■ **Source data**
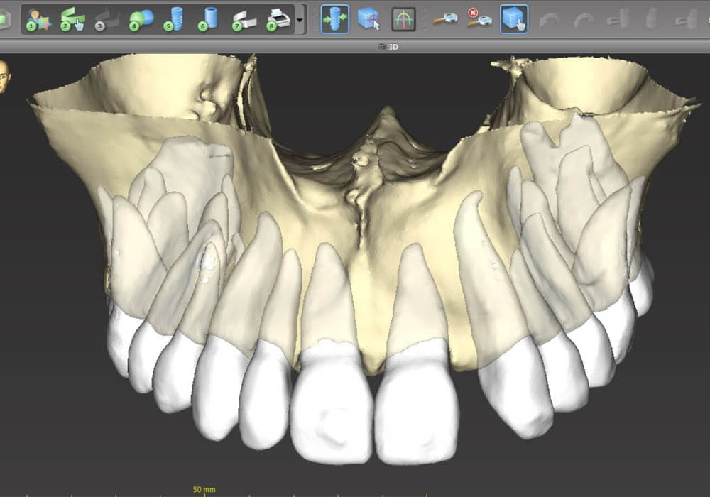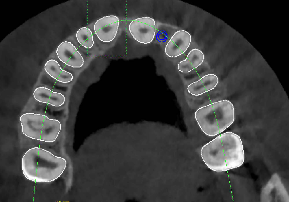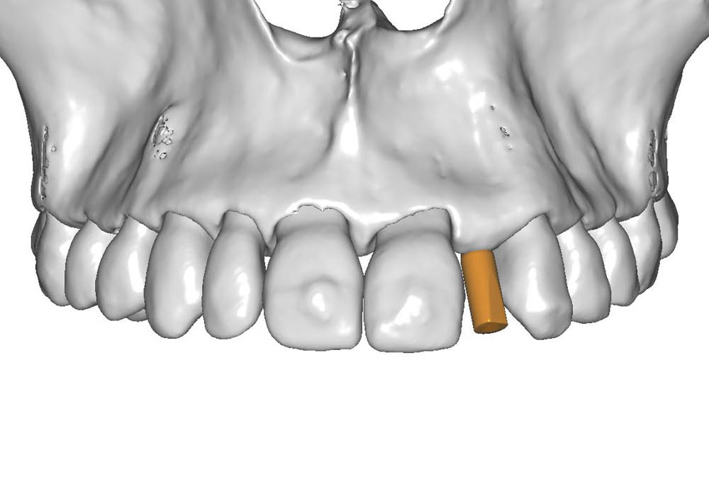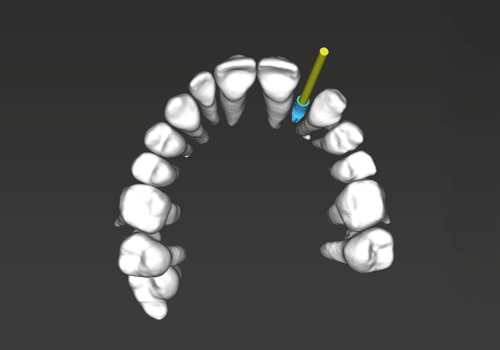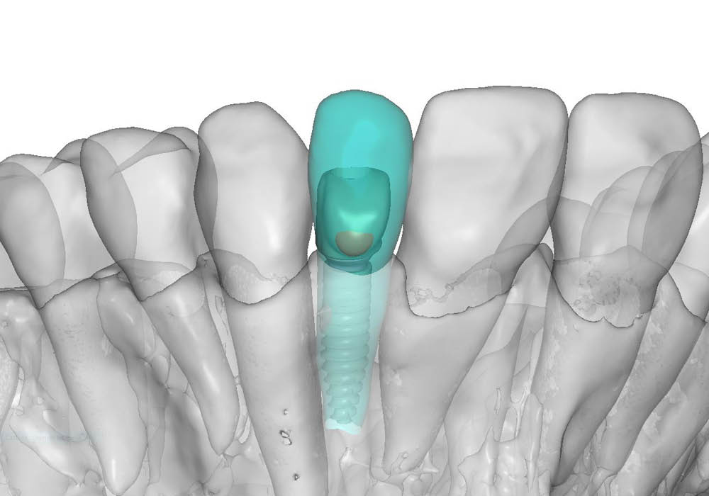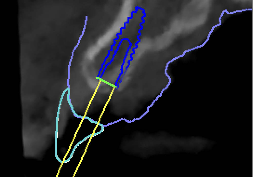 L’obiettivo era quello di definire con precisione posizione, profondità e inclinazione dell’impianto, tenendo conto della vicinanza delle radici adiacenti e della necessità di preservare un adeguato spessore vestibolare.
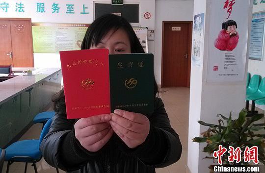 资料图:2月13日,安徽省合肥市计生工作人员展示单独二孩生育证。中新社发 韩苏原 摄
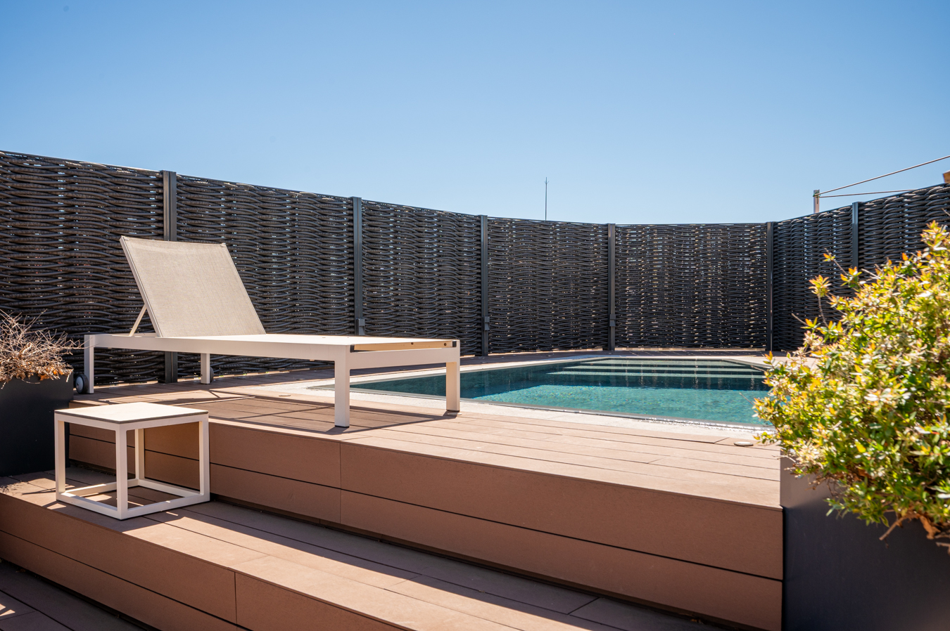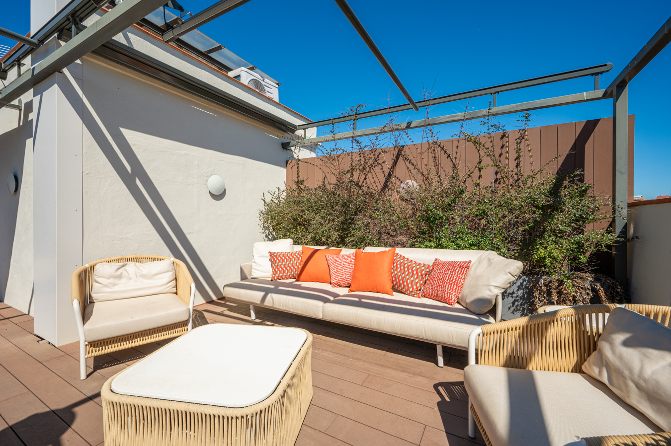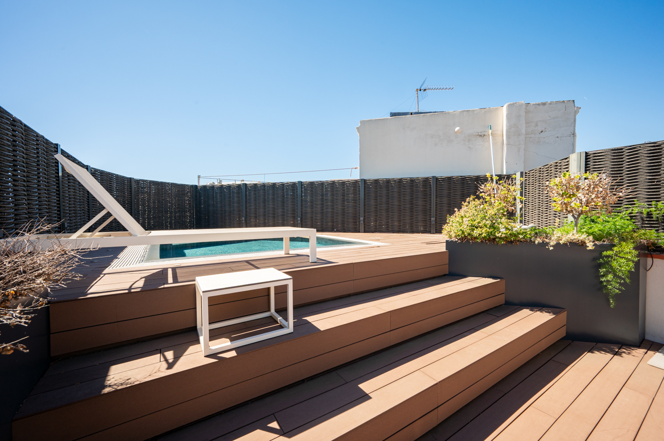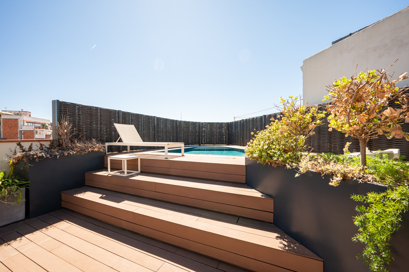 Depuis un escalier situé dans le bureau, on accède à la magnifique terrasse, véritable oasis en plein cœur de la ville et un privilège dans un quartier aussi prisé que l’Eixample Dreta. Son orientation est excellente, avec du soleil toute la journée et une vue sur tous les bâtiments historiques du quartier, et même jusqu’à la mer. Elle dispose d’une cuisine d’été, d’un coin repas chill-out, d’un barbecue et d’une piscine.
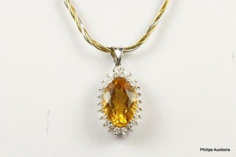 A CITRINE AND DIAMOND CLUSTER PENDANT
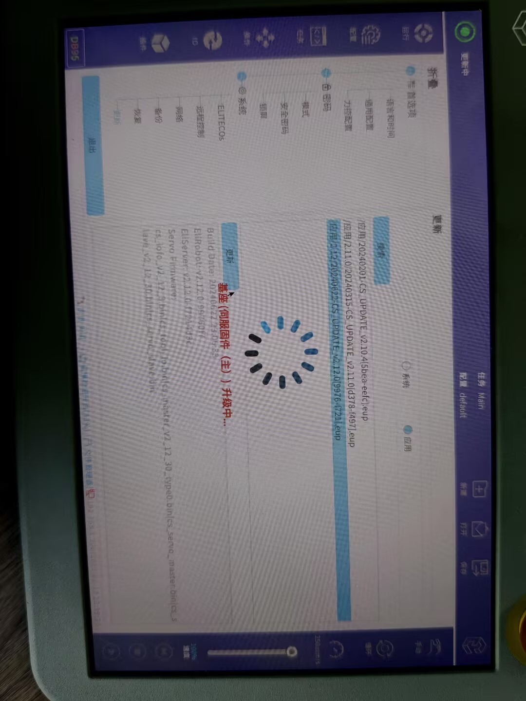 將下載完成的 EUP 格式文件放進(jìn) U 盤中,然后將 U 盤裝載至示教器上。在主界面進(jìn)入設(shè)置。
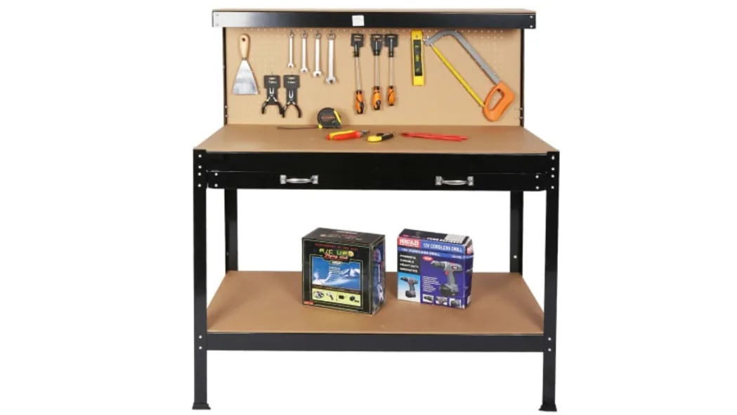 If you don’t have a workbench in your garage already and it is large enough to fit one, I highly recommend it. At 55″ x 45.3″ x 21.7″ this MDF wood workbench from Red Barrel Studio is small enough to not take up a bunch of space, yet has a drawer and a pegboard to keep your stuff organized.
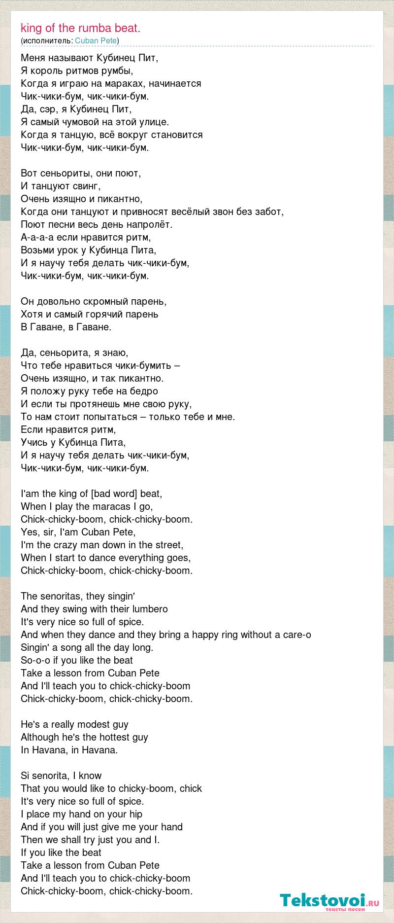 Меня называют Кубинец Пит, Я король ритмов румбы, Когда я играю на мараках, начинается Чик-чики-бум, чик-чики-бум. Да, сэр, я Кубинец Пит, Я самый чумовой на этой улице. Когда я танцую, всё вокруг становится Чик-чики-бум, чик-чики-бум. Вот сеньориты, они поют, И танцуют свинг, Очень изящно и пикантно, Когда они танцуют и привносят весёлый звон без забот, Поют песни весь день напролёт. А-а-а-а если нравится ритм, Возьми урок у Кубинца Пита, И я научу тебя делать чик-чики-бум, Чик-чики-бум, чик-чики-бум. Он довольно скромный парень, Хотя и самый горячий парень В Гаване, в Гаване. Да, сеньорита, я знаю, Что тебе нравиться чики-бумить – Очень изящно, и так пикантно. Я положу руку тебе на бедро И если ты протянешь мне свою руку, То нам стоит попытаться – только тебе и мне. Если нравится ритм, Учись у Кубинца Пита, И я научу тебя делать чик-чики-бум, Чик-чики-бум, чик-чики-бум. I'am the king of the rumba beat, When I play the maracas I go, Chick-chicky-boom, chick-chicky-boom. Yes, sir, I'am Cuban Pete, I'm the crazy man down in the street, When I start to dance everything goes, Chick-chicky-boom, chick-chicky-boom. The senoritas, they singin' And they swing with their lumbero It's very nice so full of spice. And when they dance and they bring a happy ring without a care-o Singin' a song all the day long. So-o-o if you like the beat Take a lesson from Cuban Pete And I'll teach you to chick-chicky-boom Chick-chicky-boom, chick-chicky-boom. He's a really modest guy Although he's the hottest guy In Havana, in Havana. Si senorita, I know That you would like to chicky-boom, chick It's very nice so full of spice. I place my hand on your hip And if you will just give me your hand Then we shall try just you and I. If you like the beat Take a lesson from Cuban Pete And I'll teach you to chick-chicky-boom Chick-chicky-boom, chick-chicky-boom.
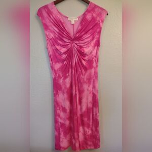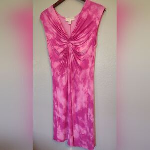 This is a perfect dress for summer! Hot pink tie-dyed Michael Michael Kors dress. Pullover style, super soft and stretchy with 95% rayon and 5% spandex. Gathered detail at the chest.
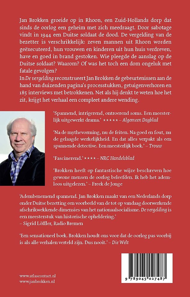 Jan Brokken groeide op in Rhoon, een Zuid-Hollands dorp dat sinds de oorlog een geheim met zich meedraagt. Door sabotage vindt in 1944 een Duitse soldaat de dood. De vergelding van de bezetter is verschrikkelijk: zeven mannen uit Rhoon worden geëxecuteerd, hun vrouwen en kinderen uit hun huis verdreven, have en goed in brand gestoken. Wie pleegde de aanslag op de Duitse soldaat? Waarom? Of was het toch een dom ongeluk met fatale gevolgen? In De vergelding reconstrueert Jan Brokken de gebeurtenissen aan de hand van duizenden pagina's processtukken, getuigenverhoren en 185 interviews met betrokkenen. Net als hij denkt te weten hoe het zit, krijgt het verhaal een compleet andere wending.
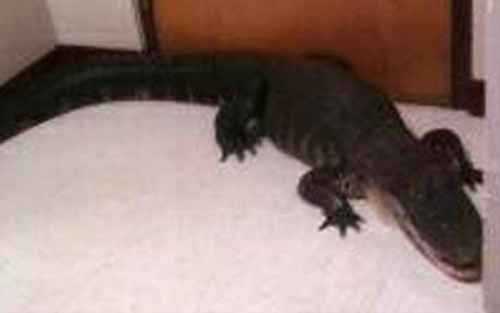 這只鱷魚當(dāng)?shù)貢r(shí)間7日上午大搖大擺的現(xiàn)身佛羅里達(dá)坦帕市一所中學(xué)自助餐廳。教職員工設(shè)法將鱷魚引到男廁所,之后鎖上門等待野生動(dòng)物保護(hù)人員到來。
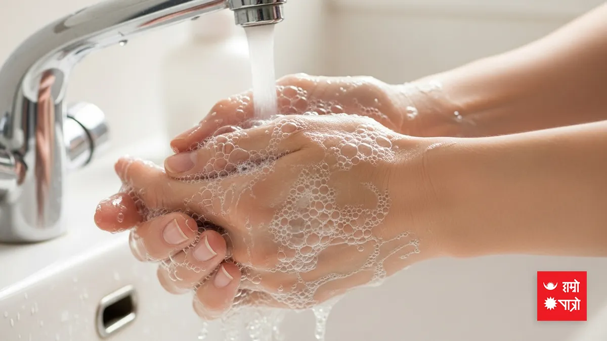 हातमा साबुन हाल्ने, कम्तीमा २० सेकेन्ड साबुन पानीले मिच्ने ।
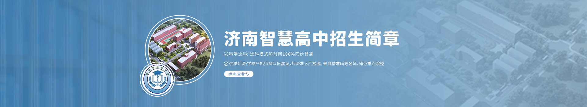 拨动良知的琴弦,用爱心和感恩之心去善待生活,修身养德,积极乐观,学做真人。扬起理想的风帆,用行动和智慧去追求人生目标,脚踏实地,刻苦学习,励志成才,请来济南智慧!济南智慧高中学校优势济南智慧高中部,积极贯彻国家教育部...
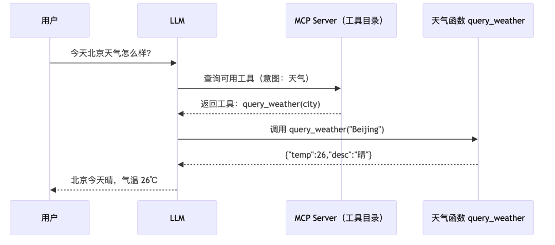 拿 “查北京今天天气” 举例,整个交互流程用时序图展示更清晰,共 5 个关键步骤:
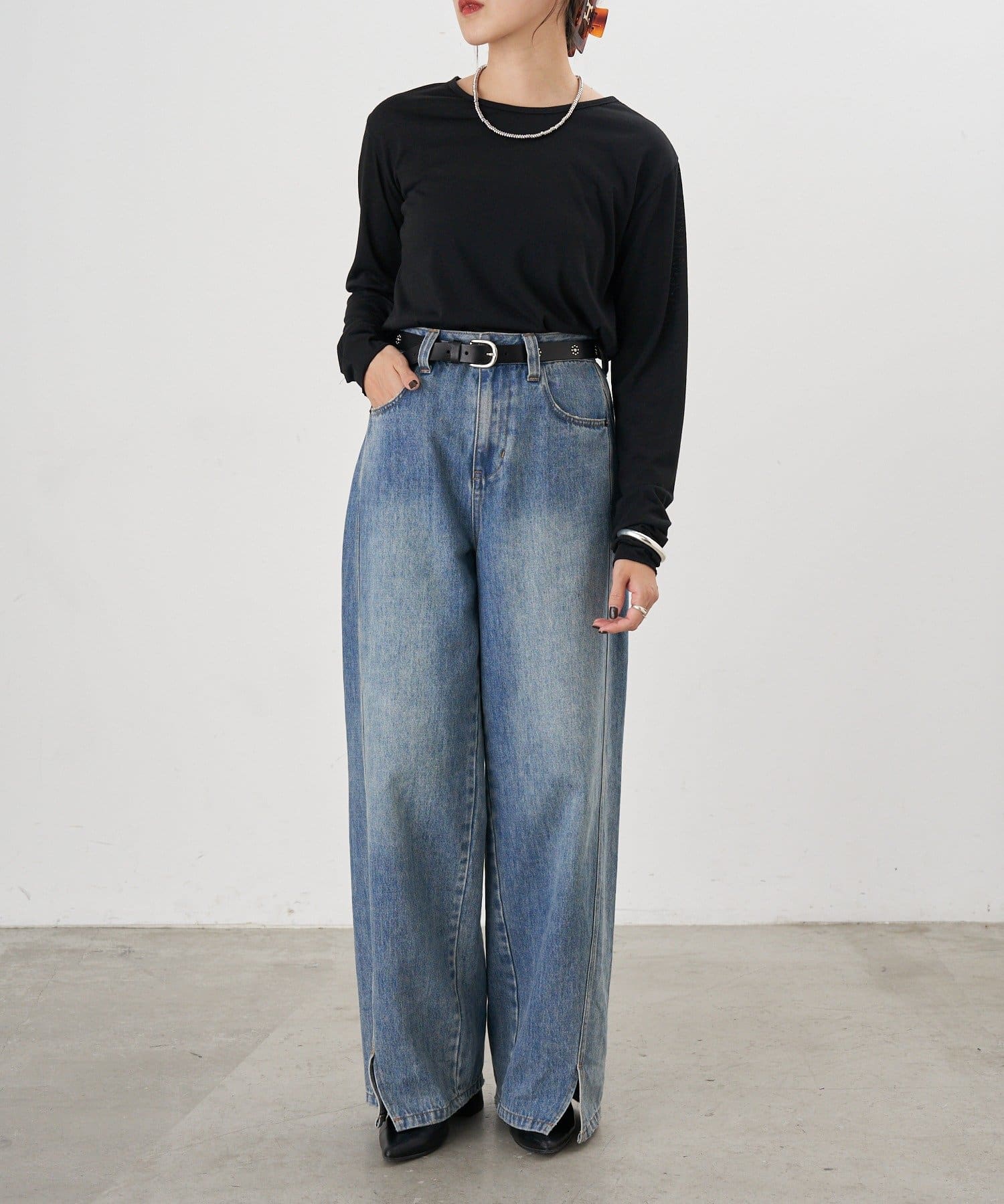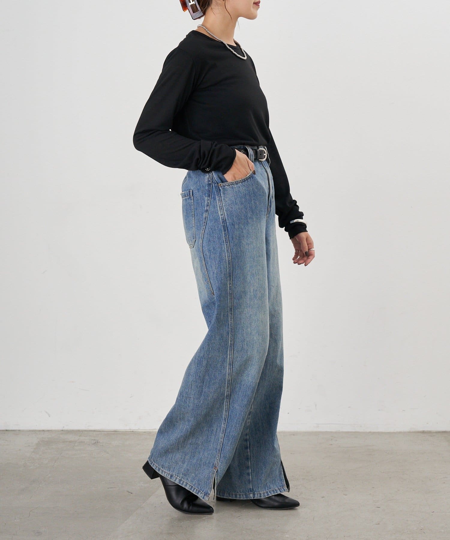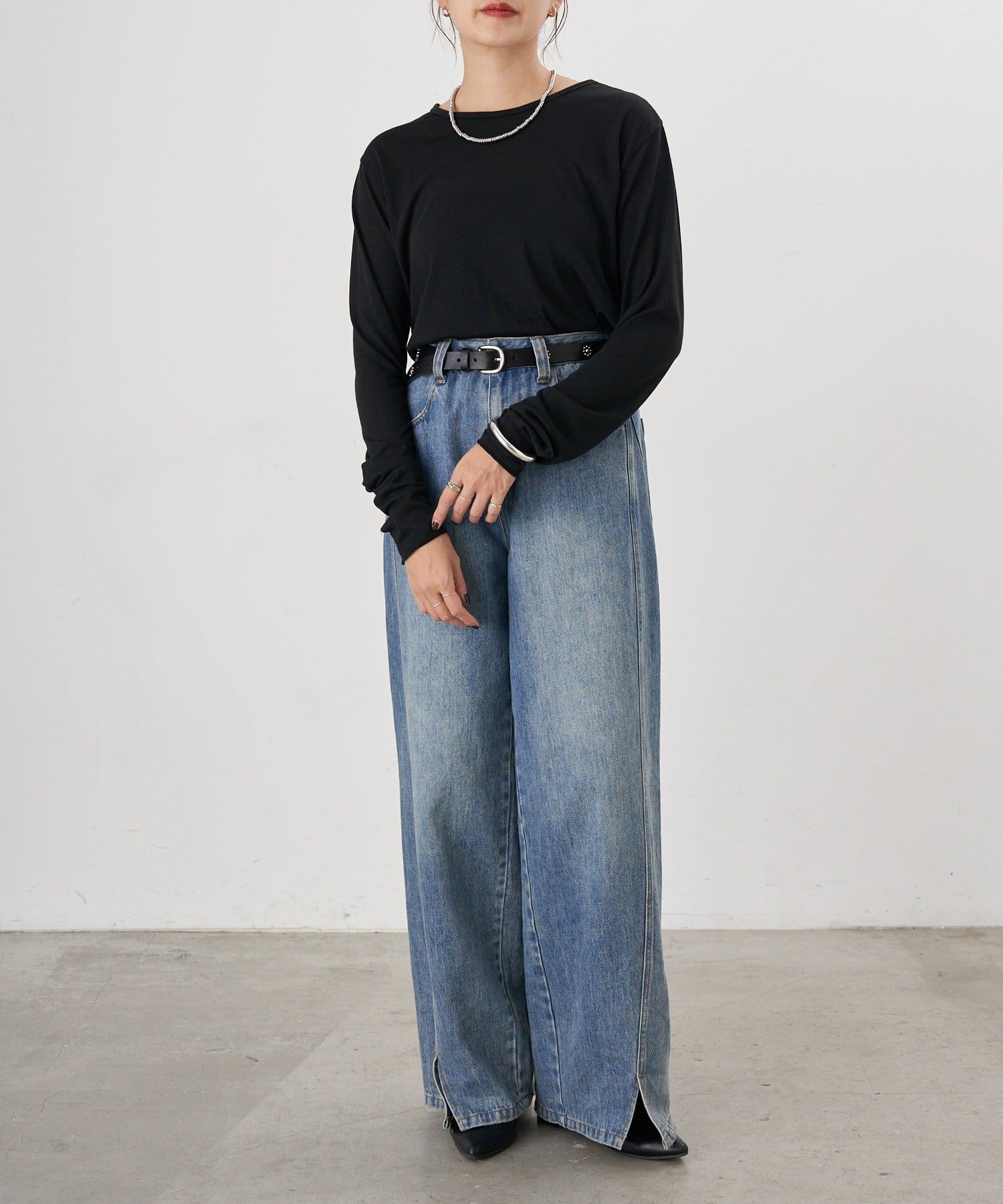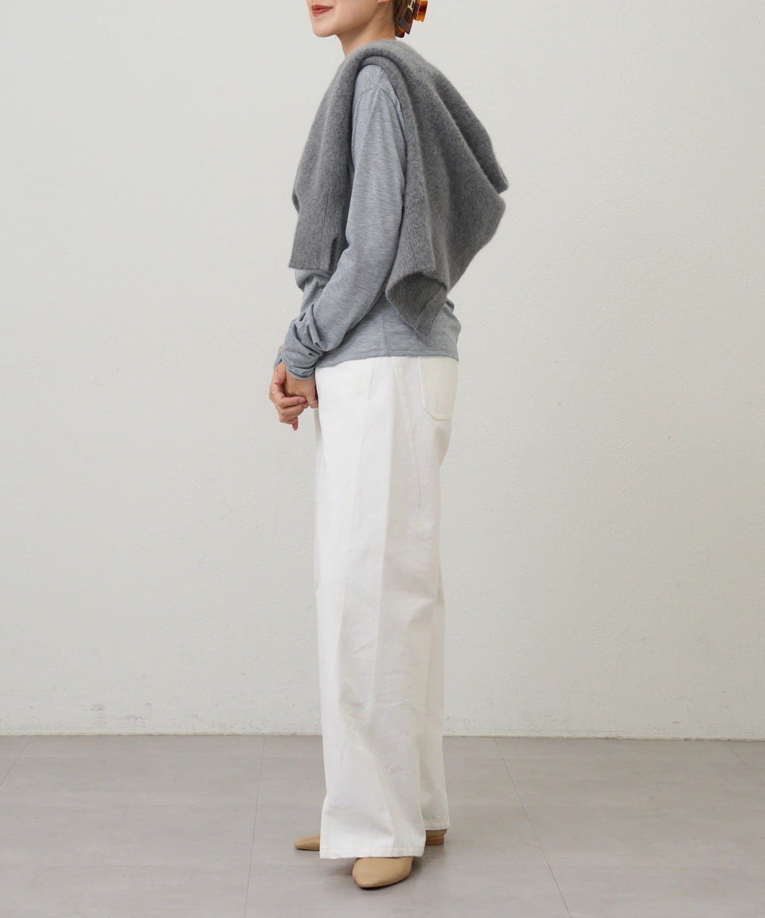 少し長めの袖は、たゆませたりアウターの袖から覗かせたりすることもできてスタイリングの幅が広がります。

■ **Your objective**
Start at the top of the entries and repeat each line exactly, ending at the line that contains "If you don’t". Pictures are not part of the copy.

■ **Response to this exercise**
 L’obiettivo era quello di definire con precisione posizione, profondità e inclinazione dell’impianto, tenendo conto della vicinanza delle radici adiacenti e della necessità di preservare un adeguato spessore vestibolare.
 资料图:2月13日,安徽省合肥市计生工作人员展示单独二孩生育证。中新社发 韩苏原 摄
 Depuis un escalier situé dans le bureau, on accède à la magnifique terrasse, véritable oasis en plein cœur de la ville et un privilège dans un quartier aussi prisé que l’Eixample Dreta. Son orientation est excellente, avec du soleil toute la journée et une vue sur tous les bâtiments historiques du quartier, et même jusqu’à la mer. Elle dispose d’une cuisine d’été, d’un coin repas chill-out, d’un barbecue et d’une piscine.
 A CITRINE AND DIAMOND CLUSTER PENDANT
 將下載完成的 EUP 格式文件放進(jìn) U 盤中,然后將 U 盤裝載至示教器上。在主界面進(jìn)入設(shè)置。
 If you don’t have a workbench in your garage already and it is large enough to fit one, I highly recommend it. At 55″ x 45.3″ x 21.7″ this MDF wood workbench from Red Barrel Studio is small enough to not take up a bunch of space, yet has a drawer and a pegboard to keep your stuff organized.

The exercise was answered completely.